I do think there’s more than that. I can’t deny the power of experiential approaches. If you’re working with an individual those experiential interventions may be something like EMDR, Focusing, Hypnosis, Empty Chair work or exposure, and if you’re working with couples or families those experiential interventions are role plays, enactments or restructuring where members practice acting differently under the guidance of a therapist. But this is not an exact science. We don’t know before hand which methods will work with which clients, or why certain methods fall flat. So, because on the whole all methods work about the same, you’re free to pick the one you enjoy the most.
So that’s it. We offer active listening and experiential interventions. The rest of the change is out of our hands and probably dependent on the client. I mean that quite literally. Outcome research shows that the biggest factor in change is the client.
Once I realized this, each session became remarkably easier. It took the pressure off. We show up. We do our best. We realize our limitations. We leave the rest to rest. It’s a liberating way to work.
Where we go from here.
While right now we know very little about therapy and human psychology, eventually we will find better models and better training methods. That will be a glorious day. Our ability to relieve human suffering, to banish depression, to calm forever anxiety, or release people from addiction will be one of the greatest gifts and lasting legacies that we mental health providers will bestow upon humanity. And you and I are a part of that. Yes, in our own small way all of us mental health providers are working to enact that vision.

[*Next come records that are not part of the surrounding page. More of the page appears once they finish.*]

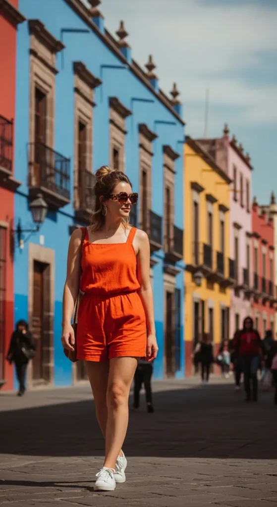 A bright orange romper feels energetic and carefree, perfect for sightseeing days filled with sunshine.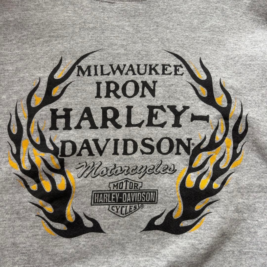 ビンテージ ハーレーダビッドソン スウェットM 袖プリント フレームス 炎 古着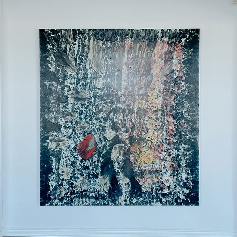The abstract nature of the work allows for personal interpretation, inviting the audience to perceive hidden depths and forms within the chaotic brush strokes.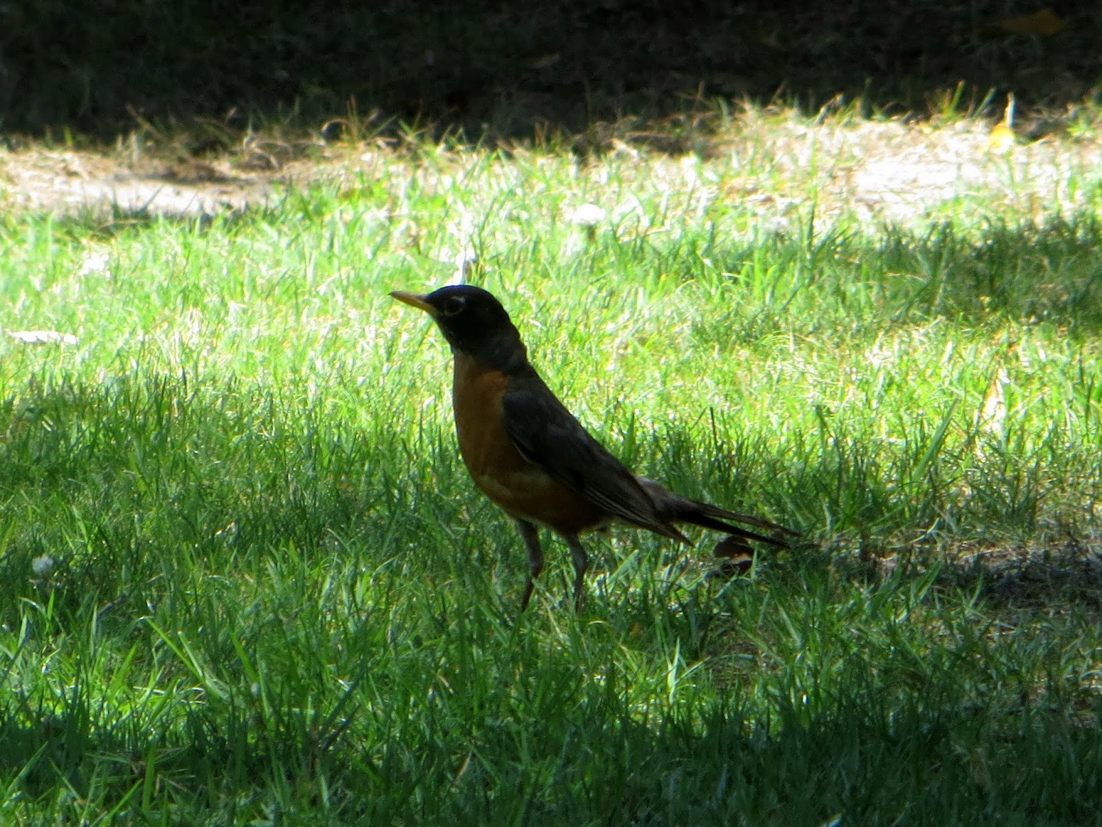 An unexpected bird we saw was an American Robin. It was running along the ground with some Dark-eyed Juncos on the Cal Poly campus. It was a male robin with very nice plumage. Below is a photo of the robin.

And despite knowing so little today, there are some things we can do now if we want to help more people. We can track our outcomes, record and watch our sessions, and practice doing instead of reading more books or articles. These are the three obvious areas to target if we want to improve.
But I want to give a word of warning. Whatever we do in the coming years to improve, the pressure needs to be at the institutional level. Grad programs need to automatically record every session, EHRs need to automate outcome tracking surveys, and Continuing Education training needs to be heavily focused on deliberate practicing. The alternative, to ask clinicians to spend hours doing this on their own time and for no pay, is quite simply asking them to try too hard.
Fin-
PS After writing this post I discovered this podcast episode by Farnam Street. For people wanting to understand the investor mindset described above this is a must listen.